[Start of section]

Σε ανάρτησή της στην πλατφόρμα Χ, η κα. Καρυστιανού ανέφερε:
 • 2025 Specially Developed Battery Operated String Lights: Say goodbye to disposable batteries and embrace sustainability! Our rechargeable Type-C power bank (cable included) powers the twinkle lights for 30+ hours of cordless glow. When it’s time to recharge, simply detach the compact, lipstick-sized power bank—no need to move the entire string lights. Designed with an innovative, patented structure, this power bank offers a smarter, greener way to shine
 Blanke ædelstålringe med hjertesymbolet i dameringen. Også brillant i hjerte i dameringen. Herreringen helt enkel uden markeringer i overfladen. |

[End of section]
[Start of section]

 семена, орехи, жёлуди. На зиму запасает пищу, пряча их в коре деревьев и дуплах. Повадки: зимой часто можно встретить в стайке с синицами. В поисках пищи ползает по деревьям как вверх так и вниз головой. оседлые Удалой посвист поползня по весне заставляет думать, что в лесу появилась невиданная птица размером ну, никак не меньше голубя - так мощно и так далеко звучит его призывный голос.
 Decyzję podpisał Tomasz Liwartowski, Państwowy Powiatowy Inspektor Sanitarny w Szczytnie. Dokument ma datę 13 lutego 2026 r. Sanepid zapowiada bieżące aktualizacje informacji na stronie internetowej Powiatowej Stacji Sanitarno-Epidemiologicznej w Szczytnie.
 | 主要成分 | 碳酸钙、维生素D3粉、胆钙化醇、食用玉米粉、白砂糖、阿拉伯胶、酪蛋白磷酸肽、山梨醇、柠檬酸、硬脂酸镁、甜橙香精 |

[End of section]
[Start of section]

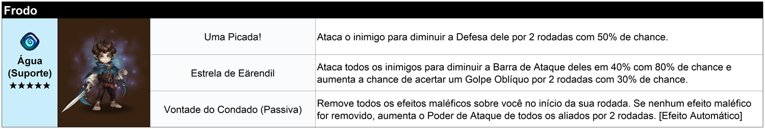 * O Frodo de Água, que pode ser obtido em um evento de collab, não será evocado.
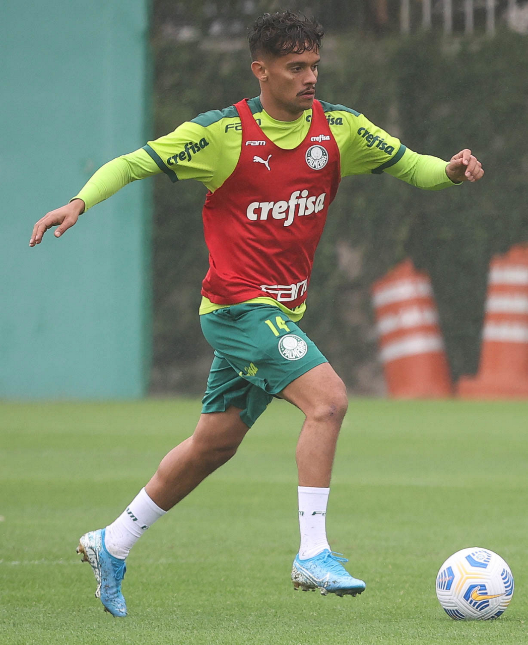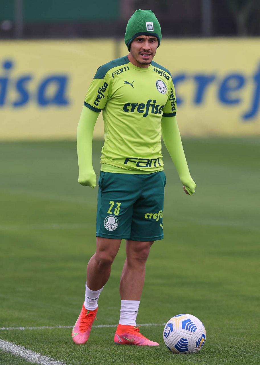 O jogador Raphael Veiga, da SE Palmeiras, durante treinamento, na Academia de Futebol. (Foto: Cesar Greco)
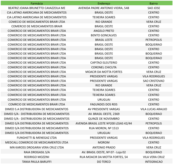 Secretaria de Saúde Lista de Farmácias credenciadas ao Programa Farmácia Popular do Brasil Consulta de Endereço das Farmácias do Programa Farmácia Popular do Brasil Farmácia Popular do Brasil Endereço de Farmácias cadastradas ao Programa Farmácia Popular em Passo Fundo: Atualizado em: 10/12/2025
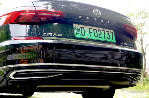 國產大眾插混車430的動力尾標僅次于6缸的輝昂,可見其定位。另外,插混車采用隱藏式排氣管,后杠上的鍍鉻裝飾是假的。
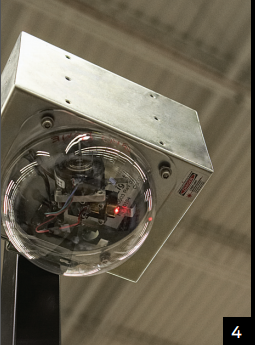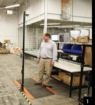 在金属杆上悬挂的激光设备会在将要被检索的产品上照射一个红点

[End of section]

Your goal – Please repeat the lines of the material above exactly, starting with the line that contains "國產大眾插混車430的動力尾" and ending with the line that contains "在金属杆上悬挂的激光设备会在将要被检索的产品上照射一个红点". Leave the pictures out.

Result of this task –
 國產大眾插混車430的動力尾標僅次于6缸的輝昂,可見其定位。另外,插混車采用隱藏式排氣管,后杠上的鍍鉻裝飾是假的。
 在金属杆上悬挂的激光设备会在将要被检索的产品上照射一个红点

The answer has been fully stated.